To do this, they’ve taken a two-pronged approach. The JoongAng’s premium model “contains two distinct types of content, targeting two audiences that we think can learn to see the value in paying for news,” Park said. 

  • Legacy news readers (or “heavy users”). They are focusing on deep-dive articles and analysis with regular features as well as breaking news. This involves “leveraging existing newsroom resources to offer extra value to existing readers with a deep interest in the news.”

  • Potential readers: They’re creating custom content for readers who are willing to pay for content on specific topics like parenting, finance, and real estate. These special products are geared to appeal especially to younger audiences, readers in their 30s and 40s.

Question 3: How do we measure customer satisfaction?

Thanks in large part to the fact that The JoongAng’s “international peers have been doing this for the last decade,” Park said “INMA has been an invaluable resource in approaching the data problem.”

In addition, a collaboration with Google has been helpful as they collect and analyse reader profiles and data.

Question 4: How do we organise ourselves to achieve this?

“When driving a digital revolution with your existing workforce,” Park said, “the most crucial thing is identifying exceptional talent and encouraging excellence.”

To help with this effort, the company provide incentives — The JoongAng Awards — to teams that excel in producing content that “meets specific performance criteria for our initial monetisation targets.”

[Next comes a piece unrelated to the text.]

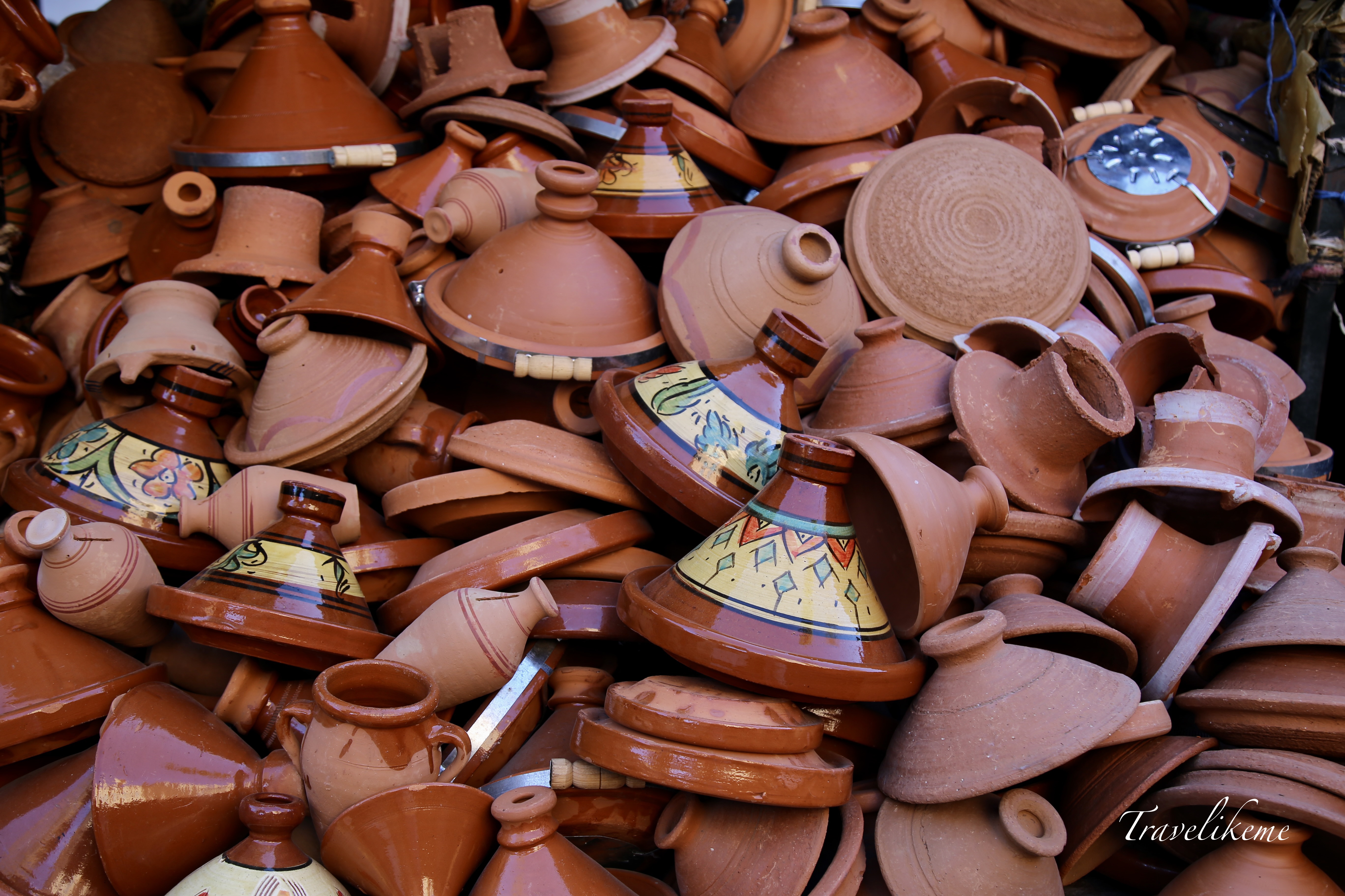 Traditional Tagine pottery which consists of two parts: a circular base unit that is flat with low sides and a large cone or dome shaped cover that sits on the base during cooking. Tagines are cooked slowly over hot charcoal to keep the stew simmering gently and are typically made with meat, poultry or fish together with vegetables and fruit combined with an assortment of spices. Saw this pile of pottery at the Medina of Marrakesh in Morocco.

This criteria also “serves as a basis for deciding what not to do,” he said. “We halt production of content that consistently falls below average with no significant improvement.” 

Conclusion

Unsurprisingly, given the trailblazing nature of this work, other South Korean newspapers are closely watching The JoongAng’s progress, wondering if they will find the key to a “Korean survival model” that isn’t just “a future where only a few of the biggest or best-funded media companies survive.”

The market is clearly not an easy one, and Park said it remains uncertain whether The JoongAng’s strategies will work. And although “strategy alone can’t save a media company if the market is working against it,” he remains cautiously optimistic.

“The key [to survivability] is the ability to adapt. Market context matters, but we should still control our own destinies. Publishers who understand their customers know how best to sell to them, and to motivate employees to innovate around their needs. Those are the ones who have a chance at survival.”